Shrimp ‘n’ Grits
“Oh darling, you’re so wonderfully crude,” the senator’s wife exclaimed. “But shh, he’s coming.” She tilted her head to indicate the approaching waiter.
“You folks know what you’d like?” the waiter asked. He crossed his hands politely.
“How do you like the shrimp and grits?” the senator’s wife asked with only a hint of a smile. The waiter smiled broadly.
“Just about my favorite dish on the menu!” he said. “Real nice; like what I had growin’ up.”
“You grow up around here, son?” the senator asked, solemn as a sermon. The waiter nodded.
“’Bout five miles down the road, yessir,” he said.
One of the senator’s party leaned across the table.
“And how you planning to vote in the election, son?”
“Oh, I’m for the senator! And my momma, too. Whole family’s for you, sir.”
The senator nodded and lifted his glass in a mock toast.
“Good boy,” he said, and they all had a laugh.
The party ordered their meals and another bottle of Sangiovese, and the waiter retreated silently to the kitchen, beaming. When he stepped through the swinging door, the smile slipped from his face like egg from a non-stick pan.
“Two shrimp ‘n’ grits, medium-rare hangar steak and an oriental chicken salad, dressing on the side,” he called to the cook. His manager was leaning on the counter, frowning.
“Why do the white people always think you’re black?” he said.
“I guess ‘cause I am black?”
“Yeah, but ain’t you from India or some shit?”
“Bangalore. So?”
“So why do you play along?”
The waiter laughed.
“Same reason I tell my mother I’m still in school. Same reason you tell your wife you still love her. People like simple lies better than complicated truths. They feel good when things fit their expectations…” he smiled. “And when people feel good, they tip better.”
The manager shook his head.
“Well cut it out with the ‘my mommas’ and the ‘yessirs’,” he said. “That shit’s offensive.”
The waiter laughed.
“Yessir.”
This is my story for this week’s Trifecta Writing Challenge: Crude. I honestly don’t know what I think of it, so I’m relying on you all to tell me what you think. At least it’s different from my regular stuff, right? Right!? Le sigh.

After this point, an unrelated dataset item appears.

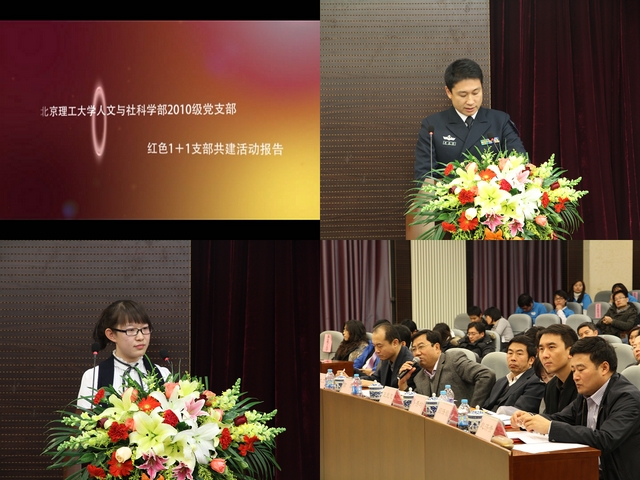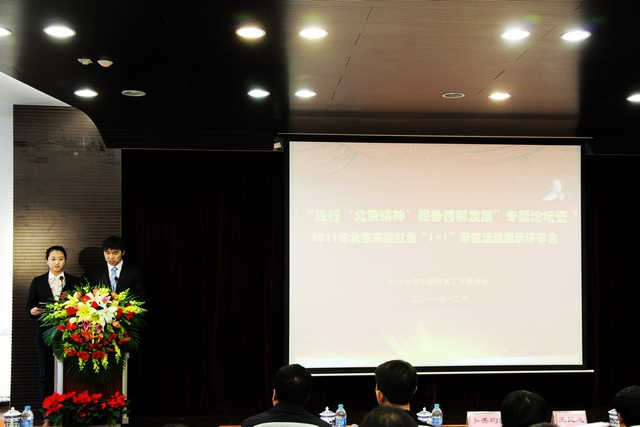 12月18日下午,北京市委教育工委在太阳城app组织召开2011年北京高校红色“1+1”示范活动展示评审会,市委教育工委副书记王民忠,首都文明办副主任卜秀均,市委农村工委副书记高华,以及市委组织部、宣传部、社会工委等部门领导出席评审会并担任评委,高校学工部长、共建单位党支部代表和学生党支部代表近200人参加评审会。

If you’re missing my regular stuff, check out the three recent series here.
Brilliant. Well done, yet again, Brian! :)))
What the waiter said makes sense 🙂
This is great.
I had a friend in my younger days who used to always fall in love with the waitresses and barmaids at the local establishments we would frequent. They would smile their smiles at him, he would fall into a stupor and they would, quite literally, help themselves to the content of his wallet. Every time, though, he would go home happy and satisfied and would return promptly the very next Friday or Saturday night. Some folks are just born suckers, as you have so capably pointed out in your excellent post. 🙂
illuminating lesson! 🙂
The waiter knows how to get the tips – play along!
I love the description of his smile slipping off his face like an egg from a non-stick frying pan – clever. “People like simple lies better than complicated truths.” – this is a wise observation.
Very nicely done! I’m racially ambiguous like your main character. (If I had a dollar for every time a white person asked me “what” I am …) So I took extra delight in this fun read. 🙂
You do a great job of capturing character in just a few words, from your canny protagonist, to the bemused chef, to the pompous git of a senator (love that “solemn as a sermon” line). I love your writing style and look forward to reading more of your stories.
There’s some truth to what the waiter says, but he should also be proud of his lineage (:
I like the edge in this piece, as well as the humour. Great job with the prompt!
Well done.
I really liked this story, Brian. like egg from a non-stick pan… nice!